### TASK DESCRIPTION
Only the lines from the one holding "El intendente Pablo" to the end of the data should be echoed, exactly as they appear, minus the pictures.

### THE DATA
╔══

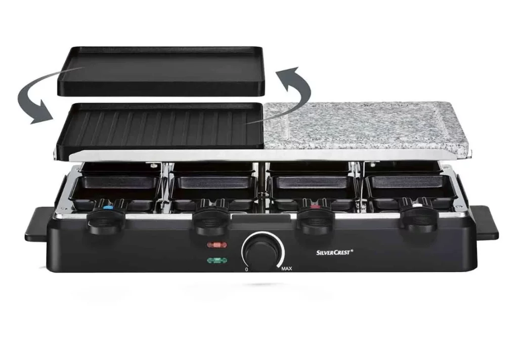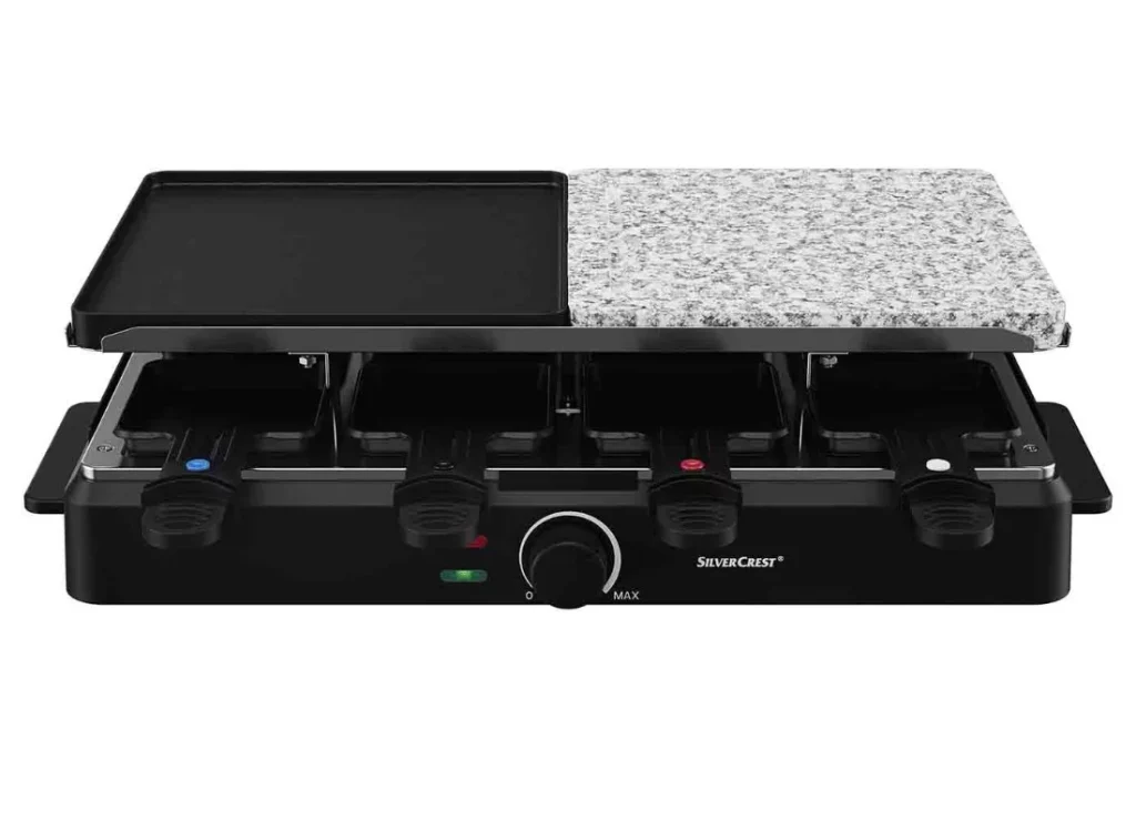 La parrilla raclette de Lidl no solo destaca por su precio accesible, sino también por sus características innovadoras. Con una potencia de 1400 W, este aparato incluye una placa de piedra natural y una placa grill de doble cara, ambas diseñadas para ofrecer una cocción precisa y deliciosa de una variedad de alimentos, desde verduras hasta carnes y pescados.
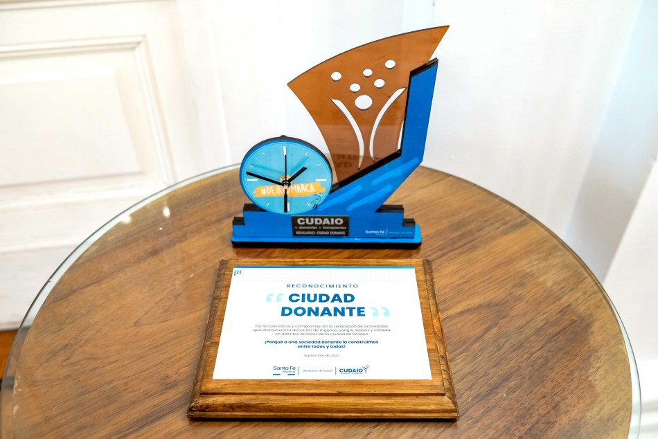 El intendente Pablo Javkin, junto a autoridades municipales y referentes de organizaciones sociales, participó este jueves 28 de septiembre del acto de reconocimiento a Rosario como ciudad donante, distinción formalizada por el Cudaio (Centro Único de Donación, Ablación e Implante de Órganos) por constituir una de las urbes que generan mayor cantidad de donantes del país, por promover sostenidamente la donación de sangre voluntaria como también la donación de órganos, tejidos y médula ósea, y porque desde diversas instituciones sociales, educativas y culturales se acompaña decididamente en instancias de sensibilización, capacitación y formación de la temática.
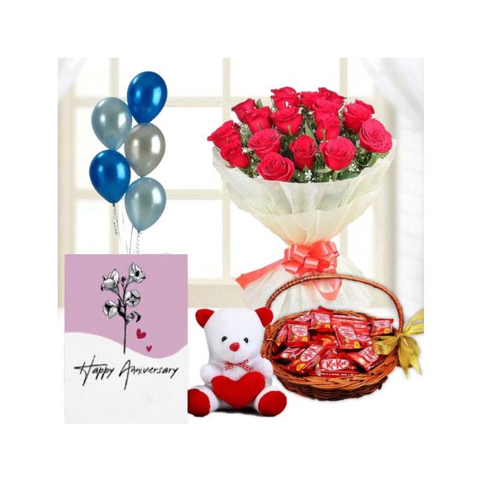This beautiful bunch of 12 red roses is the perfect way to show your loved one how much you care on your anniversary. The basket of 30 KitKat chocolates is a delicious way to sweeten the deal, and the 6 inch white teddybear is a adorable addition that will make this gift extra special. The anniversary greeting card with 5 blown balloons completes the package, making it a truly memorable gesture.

╚══

### EXERCISE OUTPUT
 El intendente Pablo Javkin, junto a autoridades municipales y referentes de organizaciones sociales, participó este jueves 28 de septiembre del acto de reconocimiento a Rosario como ciudad donante, distinción formalizada por el Cudaio (Centro Único de Donación, Ablación e Implante de Órganos) por constituir una de las urbes que generan mayor cantidad de donantes del país, por promover sostenidamente la donación de sangre voluntaria como también la donación de órganos, tejidos y médula ósea, y porque desde diversas instituciones sociales, educativas y culturales se acompaña decididamente en instancias de sensibilización, capacitación y formación de la temática.
This beautiful bunch of 12 red roses is the perfect way to show your loved one how much you care on your anniversary. The basket of 30 KitKat chocolates is a delicious way to sweeten the deal, and the 6 inch white teddybear is a adorable addition that will make this gift extra special. The anniversary greeting card with 5 blown balloons completes the package, making it a truly memorable gesture.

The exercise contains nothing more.